Stopping at a restaurant, Homer observes a family of six and finds father enjoying himself with the youngest child. Changing his mind, he and Marge go to the clinic. Marge is horrified to learn that Homer sold a lot of sperm to the clinic, resulting in many Homer-like babies. She tells Homer that they should wait, and Homer agrees. He takes the family to a drive-in movie and spots a set of newborn septuplets who resemble him, and he and they yell "D'oh!" at the same time.

==Production==
In its original airing, the opening of the episode replayed a modified version of a video released in September 2012 showing Homer voting in the 2012 United States presidential election. In the original video, Flanders, not Selma, comes out of the tube. Homer then jumps out of the factory window and lands in a suicide net below.

Race car driver Jeff Gordon guest starred as himself.

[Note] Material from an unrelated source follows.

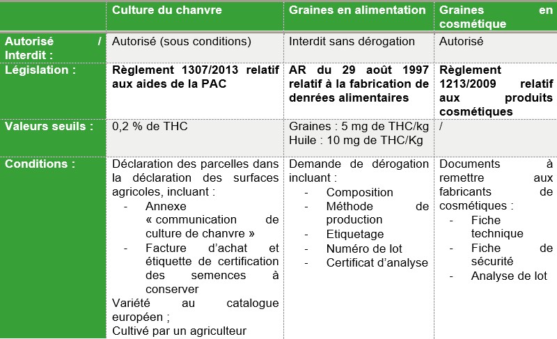 - Dû à la présence de THC, Cannabis sativa L. figure sur la liste 1 « Plantes dangereuses qui ne peuvent pas être utilisées en tant que ou dans les denrées alimentaires », reprise en annexe de l’arrêté royal du 29 août 1997 relatif à la fabrication et au commerce de denrées alimentaires composées ou contenant des plantes ou préparations de plantes. Le chanvre est donc interdit à la consommation alimentaire, sauf dérogation. La demande de dérogation doit contenir toutes les informations sur le produit, sa composition, sa méthode de production, son étiquetage, le numéro de lot et le certificat d’analyse correspondant.
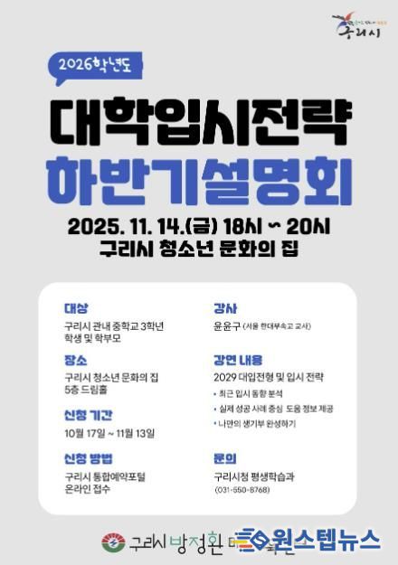 원스텝뉴스 이병희 기자 | 구리시는 ‘2026학년도 대학입시 전략 하반기 설명회’ 참석자를 오는 10월 17일부터 구리시 통합예약 포털을 통해 선착순 110명까지 신청받는다고 밝혔다.

Executive producer Al Jean said his cameo is used to make fun of the show's use of celebrity guest star cameos.

The episode was originally scheduled to air on October 21, 2012 if the 2012 National League Championship Series did not extend to a sixth game. However, since this situation occurred, the air date was moved to November 11, 2012. Finally, it was moved to November 4, 2012.

==Reception==
===Ratings===
The episode earned a 2.6 in the 18–49 demographic and was watched by a total of 5.54 million viewers becoming the most watched show in the 18–49 demographic and in total viewers that night in the Animation Domination lineup.

===Critical reception===
The episode received mixed reviews.

At The A.V. Club, Robert David Sullivan gave the episode a C rating, saying, "After the annual 'Treehouse Of Horror' and a break for the World Series, The Simpsons is back with an episode that’s not quite as sour as its season opener but is still disappointingly thin." He especially criticized the subplot with Lisa, commenting that it was "[not] any funnier than it sounds."

Teresa Lopez of TV Fanatic gave the episode 3 out of 5 stars. She stated that the episode made her feel like the show should be ending. She said the funniest part was Homer retrieving his sperm sample.